— О, детка, человек не может быть слишком взрослым для этого! Это врожденное право каждого ребенка — чувствовать себя любимым и единственным.
Тим уже поджидал ее, когда Лилиан вышла из комнаты Стефани. Без галстука и с расстегнутыми верхними пуговицами рубашки, он стоял, прислонившись к стене. Одна рука была засунута в карман черных брюк, в другой он держал стакан. По выражению его лица можно было подумать, что он застукал Лилиан за кражей фамильного серебра.
— Прежде чем вы начнете снова обвинять меня, — начала она, — знайте, что это Стеф попросила…
Тим взболтал содержимое стакана.
— Знаю. Я слышал.
— Вы слышали наш разговор?
— Каждое слово, — без тени смущения заявил он.
— Как вам не стыдно!
Оторвавшись от стены, он наклонился к ней и зло прошептал:
— Ничуть!
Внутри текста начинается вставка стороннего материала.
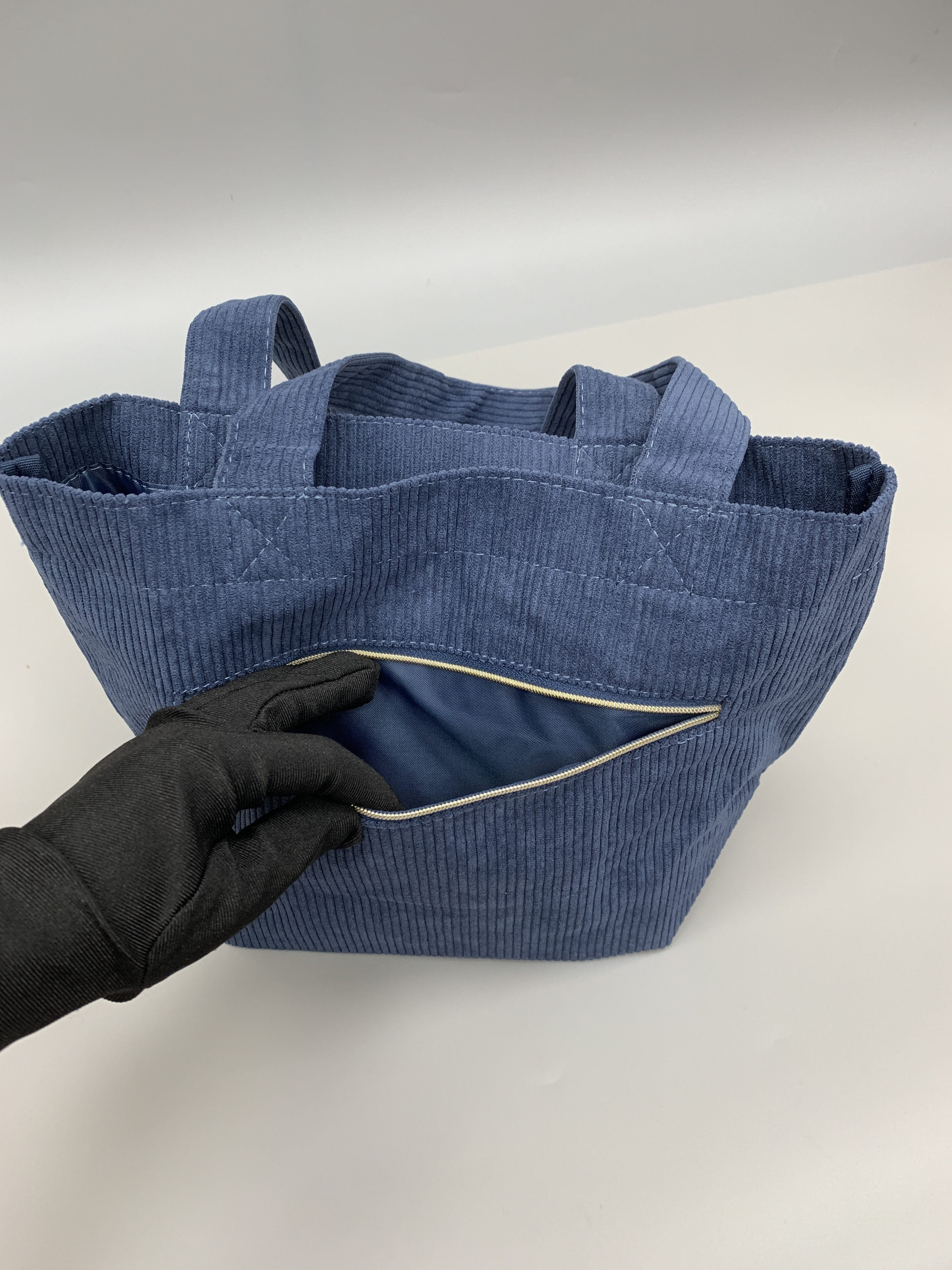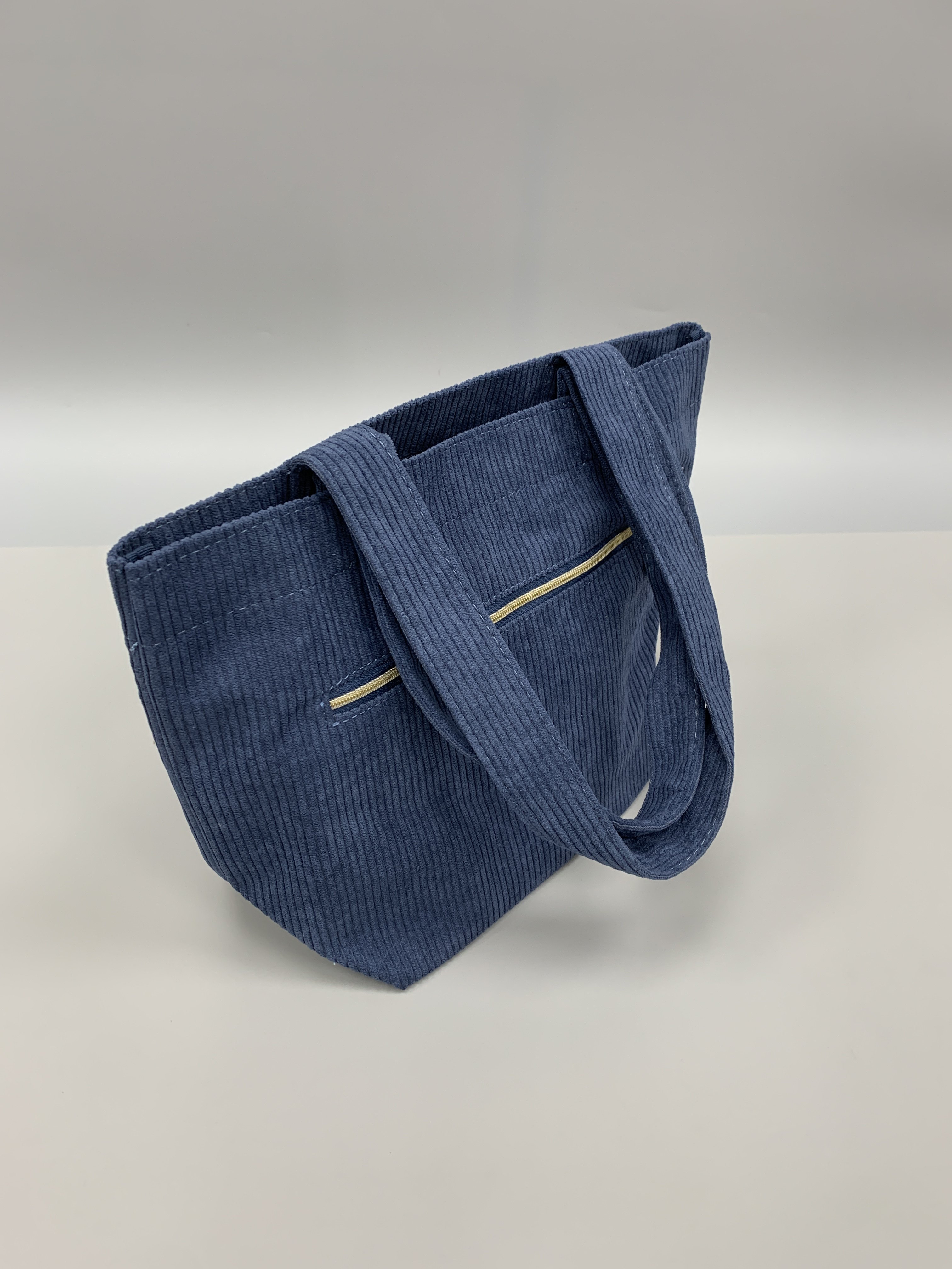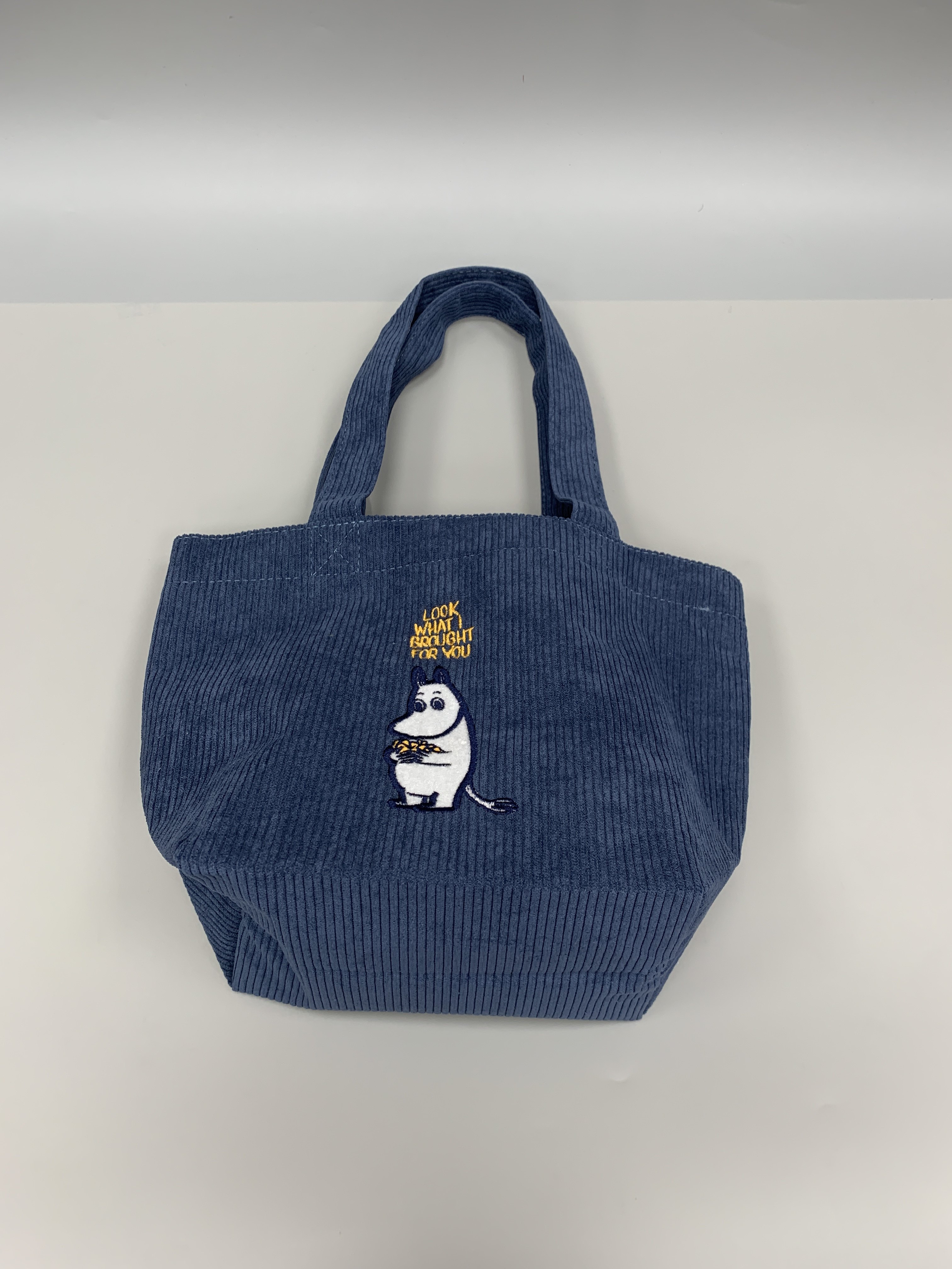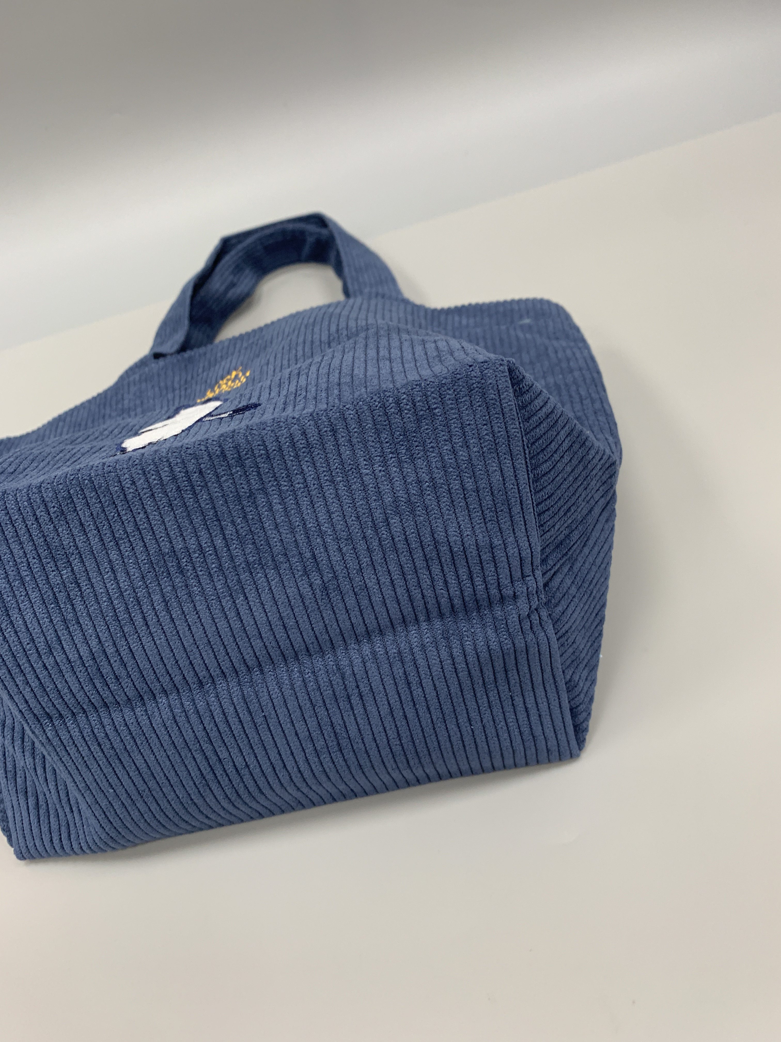 Cute Cartoon Corduroy Embroidered Hippo Elf Small Striped Shoulder Bag Tote Shopping Bag for Women

Стыдно должно быть вам за то, что вы нагромоздили гору лжи.
Оторопев, Лилиан уставилась на него.
— Какой лжи? Я говорила только правду. И почему вы шепчете?
Тим не спешил отвечать. Вместо этого, схватив Лилиан за руку, он потащил ее, чуть ли не упирающуюся, в гостиную. Только плотно закрыв дверь, сказал:
— Потому что не хочу, чтобы Стеф подслушала наш разговор.
— О чем нам говорить, Тимоти? Похоже, как бы я ни старалась, мне все равно не удастся ни сделать, ни сказать то, что удовлетворило бы вас.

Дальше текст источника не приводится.